Inhalation anesthetics (also known as volatile anesthetics) are those that enter the body through inhalation into the lungs. After inhalation of anesthesia are distributed throughout the tissues of the body via the bloodstream. In most cases, the brain is the principle target when inhalation anesthetics are administered.
History of inhalation
Inhaled anesthetics used in the first Islamic kingdom, and consisted of sponges soaked in drug site. Fungus was held in front of an individual who had surgery patients.
The use of inhaled anesthetics and surgical success in the modern world is based on two discoveries: the development of sterile surgical techniques Joseph Lister and the discovery of the anesthetic properties of nitrous oxide.
The first modern inhaled anesthetics were carbon dioxide and nitrous oxide. While carbon dioxide has never really came into regular use as an anesthetic by inhalation, nitrous oxide is widespread, and in fact is still in use today.
The effect of nitrous oxide as an inhaled anesthetic gas was first noticed in public by the British chemist Humphry Davy, who published a paper on the subject in 1800. But it was several decades before the use of nitrous oxide was widespread. One of the first successful applications of gas painful tooth extraction was performed by William Thomas Green Morton, an American dentist, was not recorded until the 1846th
Also during the 1840s, another inhaled anesthetic known as diethyl ether is shown publicly for first time use during a tooth extraction procedure. Chloroform has also been developed in the previous decade, despite the well documented dangers of two chloroform and ether, the two have had a reasonably widespread use in Britain for a while.
Between 1930 and 1940, inhalation anesthetics such as cyclopropane, trichlorethylene, and isopropenyl acrylate was developed. However, the development of halothane in 1951, and the use of this anesthetic in clinical practice, five years after most of the past by inhalation expired.
During the 1960s and 1970s were a small number of new inhalation synthesized. Among them were enflurane, isoflurane, sevoflurane, desflurane and methoxyflurane. With the exception of methoxyflurane, which was withdrawn from the market due to nephrotoxicity, many inhalation developed during this period are still in use today.
Inhaled anesthetics are currently used
The most inhalational anesthetics are used halogen-containing volatile anesthetics have been developed in the years 1960 and 1970. These include isoflurane, sevoflurane, desflurane and enflurane. Halothane, developed in the 1950s, is still in use.
Nitrous oxide, developed over a hundred years ago, is also in regular use as an anesthetic by inhalation. Colloquially known as "laughing gas", the best known medical use in dentistry.
Another type of non-volatile inhalational anesthetics, which may eventually become a more regular use of xenon. Currently, xenon is more expensive to use than other inhalation anesthetics, and this has limited its use a little '. However, xenon is interesting because it is about 50% more effective than nitrous oxide, and because it is a greenhouse gas, is also more environmentally friendly.
Mode of action
Inhaled anesthetics are administered anesthesia machine, which uses the generator for the production of breathing gas to liquid version of the anesthesia. When inhaled, the gas is distributed throughout the body via the bloodstream at a rate that depends on the dose of anesthesia used, and in more detail the factors that depend on the patient receives anesthesia.
Inhalation anesthetics typically operate through two ways: increasing the inhibitory function, or a decrease in excitatory transmission in the nerve endings in the brain. In ideal situations, leading to inhalation anesthesia quickly, and the emergence of the anesthetized state is rapid once the anesthesia stimulus is removed.
The body tries to inhalation anesthetics in two ways: through metabolism, and by exhalation. Inhalation anesthetics ideals are those that are broken only at low levels.
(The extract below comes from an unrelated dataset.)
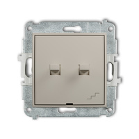 Mechanizm łącznika jednobiegunowego ze schodowym w stylu amerykańskim dwa klawisze bez piktogramów,wspólne zasilanie Karlik seria ICON 60IWPUS-10.11 kolor taupe
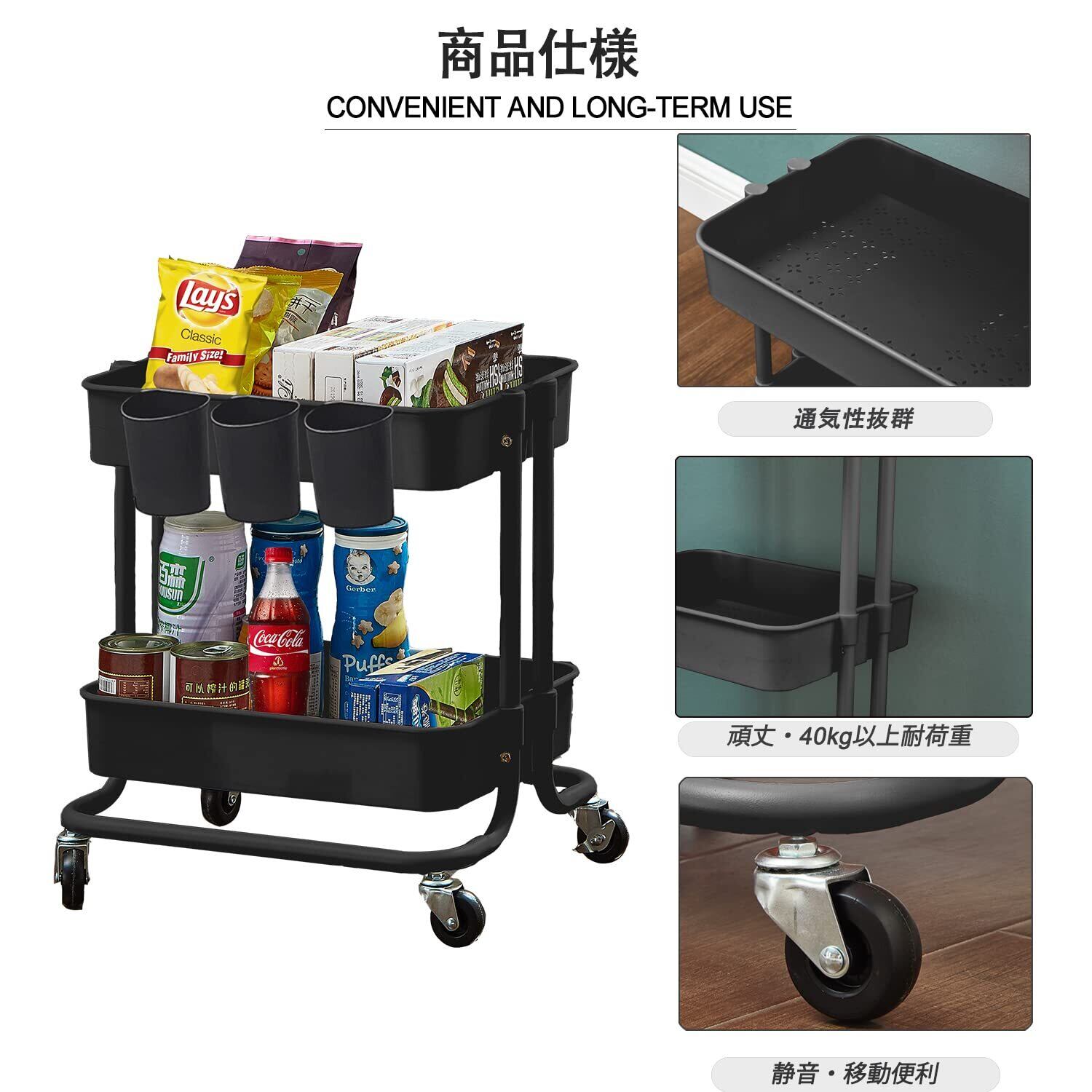 【大容量、強い耐荷重】:幅42×奥行35×高さ47cm 全体耐荷重:20kg。パッケージ内容:本体+キャスター×4+コップ式フック×3。カゴの縁に掛けるコップ式フック付属、キッチンツールやお箸などにも置けるし、洗面所で歯磨きやブラシなども置けるし、ほかのご使用方法もご検討ください。

The metabolic rate varies considerably among different anesthetics: halothane, for example, is metabolized at a rate of 10% to 20%, whereas enflurane has a metabolic rate about 2.5% and nitrous oxide has a rate of 0%, and is not metabolized at all.
During a surgical procedure that tends to accumulate inhalation in adipose tissue, which means that patients with higher percentages of body fat awakens drugged state more slowly than patients with less body fat .
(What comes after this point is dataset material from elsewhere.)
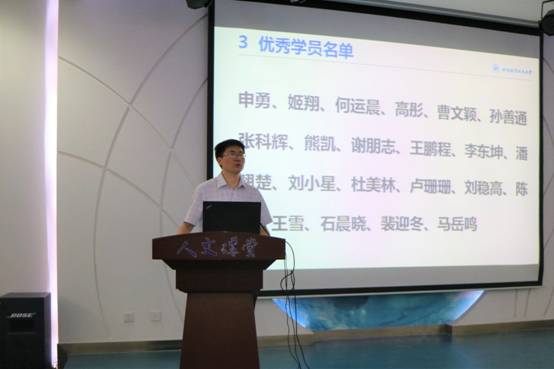 典礼伊始,陈萌老师主持开场,简单介绍了本期“求理”党校的进展情况以及取得的相关成果,主要介绍了此次党校学员的成绩评定评述,随后公布圆满结业成员名单以及优秀学员名单。宋晓东老师对各位获得圆满结业的同学表示祝贺并为优秀学员颁发荣誉证书和奖品书籍。

Possible side effects and toxic effects
Most of the inhalation agents produce a variety of side effects. Some side effects occur in only one or two different anesthetics, while other side effects are common to almost all. Some of the most common side effects include:
Cardiovascular effects include high blood pressure decreased (in all inhalation anesthetics except nitrous oxide and increased heart rate (isoflurane and halothane).
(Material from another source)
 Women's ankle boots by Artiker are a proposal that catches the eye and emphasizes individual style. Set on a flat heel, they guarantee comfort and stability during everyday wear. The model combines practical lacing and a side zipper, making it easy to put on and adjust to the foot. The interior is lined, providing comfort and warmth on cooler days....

Pulmonary effects include increased respiratory rate. This increase is dose-dependent and is common to all inhalation anesthetics.
Renal and hepatic impairment after administration of all the inhalation anesthetics. Very rare cases (one from 6000 and one in 35,000), necrosis of the liver may be caused by halothane administration. Nephrotoxicity, while the use of methoxyflurane therefore quite common, is sometimes seen after high doses of sevoflurane.